Humans hate losing. Whether it’s a game or a possession. We can’t stand loss.
It’s what creates that sinking feeling after an argument with a friend, and butterflies while the roulette wheel is spinning. The larger the potential loss, the greater the pressure to prevent it in the first place.
Cigarette box messages now focus on the years of life you will lose by smoking, rather than the number of years gained by quitting. The affliction experienced by losing years of life is greater than the pleasure of gaining the same number of additional years.
The Cup Experiment
Researchers gave each member of a group a cup and told them they could keep it. They were then asked how much they would sell it for. On average they gave a value of $7.12.
The same researchers then spoke to a different group.

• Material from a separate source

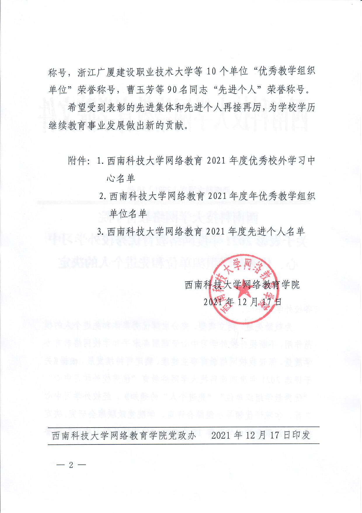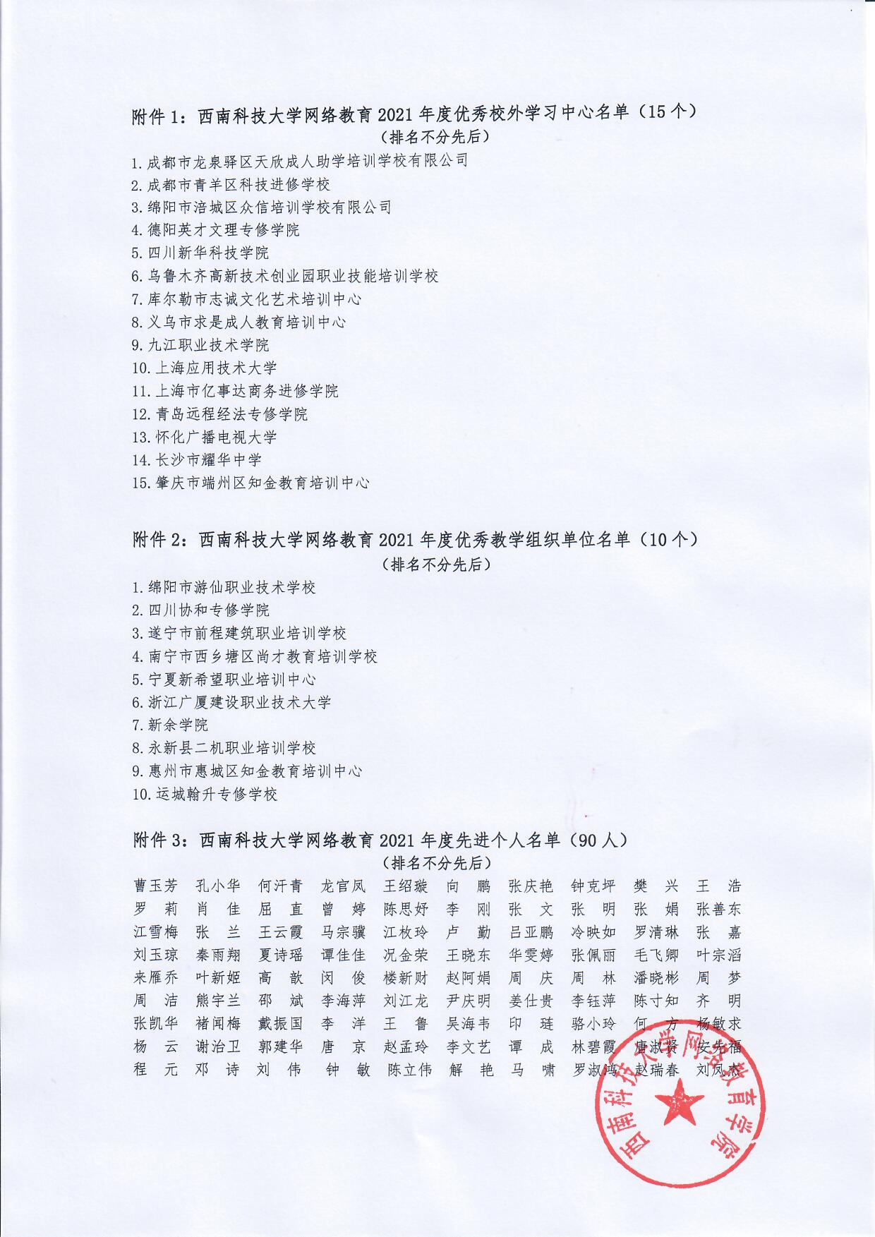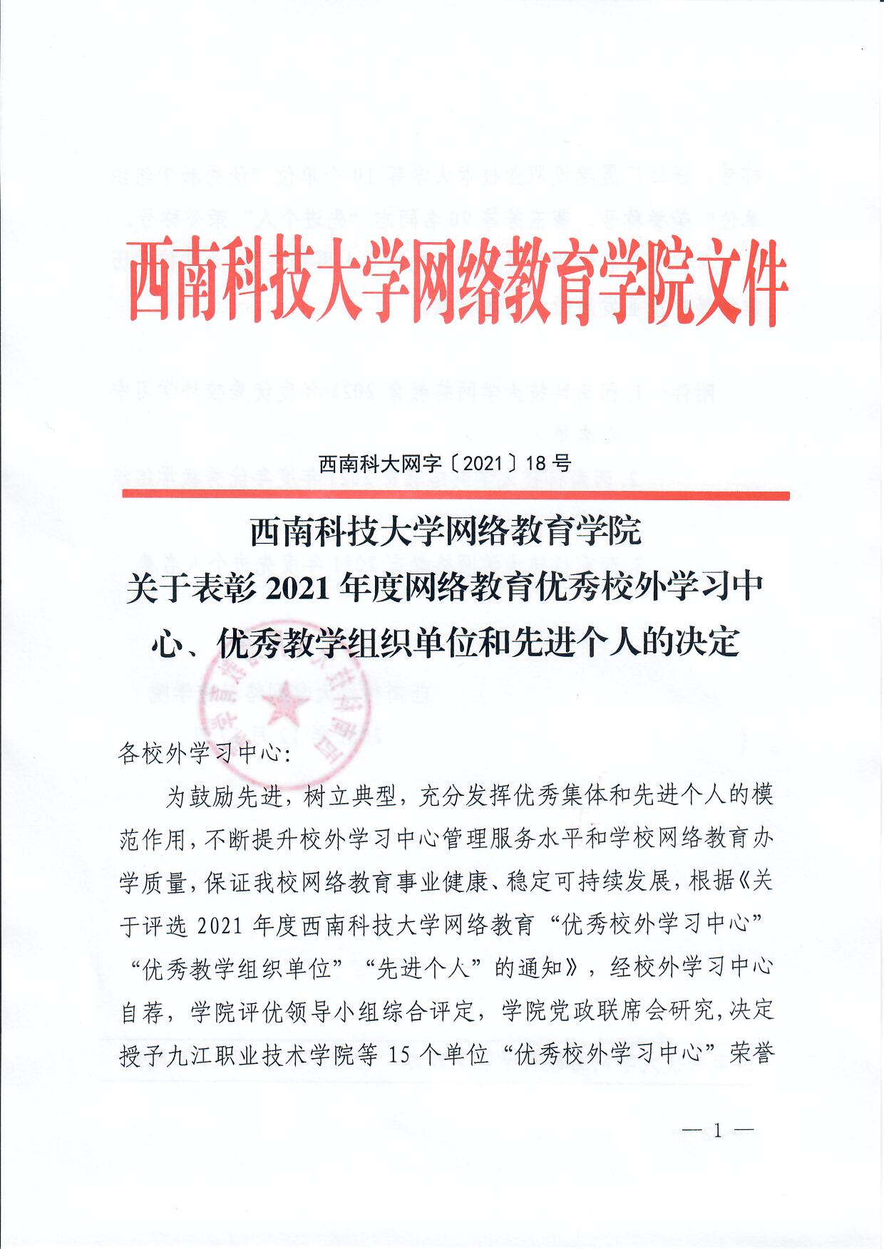 德赢Vwin官方区域合作伙伴网络教育学院关于表彰2021年度网络教育优秀校外学习中心、优秀教学组织单位、先进个人的决定

However, instead of giving them a cup, they asked them how much they would purchase one for. None of the participants would pay more than $2.87 for the same cup.
Who were the mugs here?
The sellers saw the cups as something they owned and viewed the sale as a loss. The buyers viewed them as a gain so attributed them with a lower value.When framing the sale as a loss, the perceived value rose almost 3x.
How Peloton Drove Pre-IPO Sales
Peloton use loss aversion to great effect. They give away 30 day free trials of their exercise bikes, which start at $2,245.
They are giving away the feeling of ownership. We’ve seen that people will value things they own almost three times as much as things they may purchase.
Peleton also knows that most people who cannot afford a $2,000 exercise bike will not take them up on their trial offer. In their FAQ they warn, “you must return it in like-new condition”. By making it a pay-then-refund trial, they qualify their audience instead of handing out expensive bikes to everyone.
What is Reactance?
When a behaviour becomes threatened, our attachment to that behaviour magnifies. When we freely purchase a product, reactance plays no part. However, if it feels as though our ability to purchase will be taken away soon, then we will act to oppose it.
On Black Friday, Walmart will often hugely discount a few items to create desire. In 2017 they offered a small run of iPhones at $300 off (through gift cards). By offering them in small quantities and for one day only, the fear of missing out creates a frenzy.
When we are thinking about making a purchase and there is a chance our ability to decide will be taken away, the likelihood of purchase increases. We try to retain our freedom and don’t want to lose our chance to decide.
To create a strong offer you need to invoke a feeling of missing out. When the alternative to making the purchase feels like a loss, you stand a far higher chance of making the sale.
Note 1: Walmart could present their offer as “avoiding a $300 surcharge” but instead they position it as a $300 discount. They know their customers fear losing out far more than they want to gain.
Note 2: Loss aversion applies to many other areas not mentioned here. It is the reason we struggle to walk away when down on slot machines and why we stay in jobs we don’t enjoy.